Example: fetching API docs from a large site

search "site:docs.example.com authentication API"  β†’  found the docs domain
map https://docs.example.com --search "auth"        β†’  found /docs/api/authentication
scrape https://docs.example.com/docs/api/auth...    β†’  got the content

Example: data behind pagination

scrape https://example.com/products                 β†’  only shows first 10 items, no next-page links
browser "open https://example.com/products"         β†’  open in browser
browser "snapshot"                                  β†’  find the pagination button
browser "click @e12"                                β†’  click "Next Page"
browser "scrape" -o .firecrawl/products-p2.md       β†’  extract page 2 content

Example: research task

search "firecrawl vs competitors 2024" --scrape -o .firecrawl/search-comparison-scraped.json
                                                    β†’  full content already fetched for each result
grep -n "pricing\|features" .firecrawl/search-comparison-scraped.json
head -200 .firecrawl/search-comparison-scraped.json β†’  read and process what you have
                                                    β†’  notice a relevant URL in the content
scrape https://newsite.com/comparison -o .firecrawl/newsite-comparison.md
                                                    β†’  only scrape this new URL

Output & Organization

Unless the user specifies to return in context, write results to .firecrawl/ with -o. Add .firecrawl/ to .gitignore. Always quote URLs - shell interprets ? and & as special characters.

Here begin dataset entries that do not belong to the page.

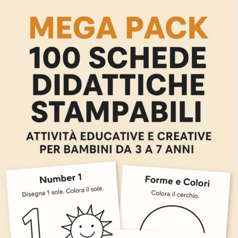 ✨ Mega Pack 100 Schede Didattiche Stampabili per Bambini ✨
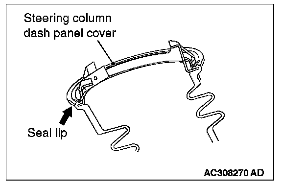 When securing the steering column dash panel cover to the body panel, be careful that the seal lip does not move backwards.
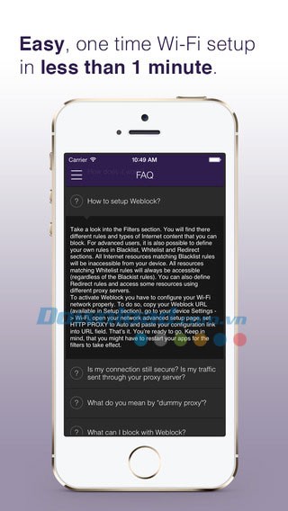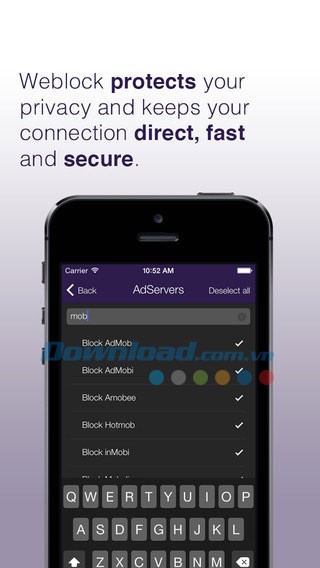 Ứng dụng này giúp tắt phần lớn quảng cáo hiển thị trên các trang web bạn truy cập từ thiết bị iOS, bất kể trình duyệt nào đang được sử dụng. Weblock tương thích với Safari, Chrome và nhiều trình duyệt khác, ngoại trừ Puffin Browser.
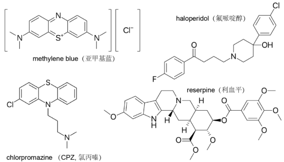 图2. 最早的三个抗精神疾病药物氯丙嗪、利血平、氟哌啶醇的化学结构。其中,氯丙嗪和氟哌啶醇是从亚甲基蓝的结构基础合成而来。
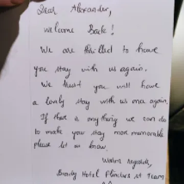 Respuesta del alojamiento: ¡Gracias por sus amables palabras! Nos alegra mucho saber que su experiencia con nosotros fue una vez más increíble. Nuestro objetivo siempre es que nuestros huéspedes se sientan bienvenidos, y nos complace que la tarjeta manuscrita haya hecho que su estancia sea aún más especial. Agradecemos sinceramente su continua lealtad y esperamos darle la bienvenida de nuevo al Brady Hotel Flinders Street la próxima vez que visite Melbourne. Atentamente, Kelly, Brady Hotel Flinders Street
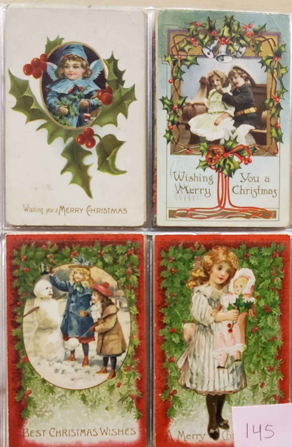 Over 140 Christmas postcards. Children, a few Santa, Winsch, embossed, ladies, Tuck, etc.
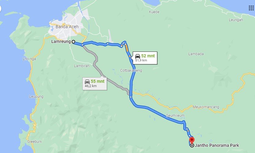 Jantho Panorama Park is located on Meusara Hill, Jantho City, Aceh Besar District. The journey from my house in Banda Aceh to this place is approximately one hour. If you want it to be shorter, it can be reached via Toll Road. Banda Aceh and Aceh Besar are two districts that are close to each other, so what is tourism in Aceh Besar is also tourism for Banda Aceh. To reach this place you can use the map on [pinemapple]([//]:# !pinmapple 5.283932 lat 95.602617 long Jantho Panorama Park d3scr)

firecrawl search "react hooks" -o .firecrawl/search-react-hooks.json --json
firecrawl scrape "<url>" -o .firecrawl/page.md

Naming conventions:

.firecrawl/search-{query}.json
.firecrawl/search-{query}-scraped.json
.firecrawl/{site}-{path}.md

Never read entire output files at once. Use grep, head, or incremental reads:

wc -l .firecrawl/file.md && head -50 .firecrawl/file.md
grep -n "keyword" .firecrawl/file.md

Single format outputs raw content. Multiple formats (e.g., --format markdown,links) output JSON.

Commands

search

Web search with optional content scraping. Run firecrawl search --help for all options.

# Basic search
firecrawl search "your query" -o .firecrawl/result.json --json

# Search and scrape full page content from results
firecrawl search "your query" --scrape -o .firecrawl/scraped.json --json

# News from the past day
firecrawl search "your query" --sources news --tbs qdr:d -o .firecrawl/news.json --json

Options: --limit <n>, --sources <web,images,news>, --categories <github,research,pdf>, --tbs <qdr:h|d|w|m|y>, --location, --country <code>, --scrape, --scrape-formats, -o

scrape

Single page content extraction. Run firecrawl scrape --help for all options.

# Basic markdown extraction
firecrawl scrape "<url>" -o .firecrawl/page.md

# Main content only, no nav/footer
firecrawl scrape "<url>" --only-main-content -o .firecrawl/page.md

# Wait for JS to render, then scrape
firecrawl scrape "<url>" --wait-for 3000 -o .firecrawl/page.md

# Get markdown and links together
firecrawl scrape "<url>" --format markdown,links -o .firecrawl/page.json

Options: -f <markdown,html,rawHtml,links,screenshot,json>, -H, --only-main-content, --wait-for <ms>, --include-tags, --exclude-tags, -o

map

Discover URLs on a site. Run firecrawl map --help for all options.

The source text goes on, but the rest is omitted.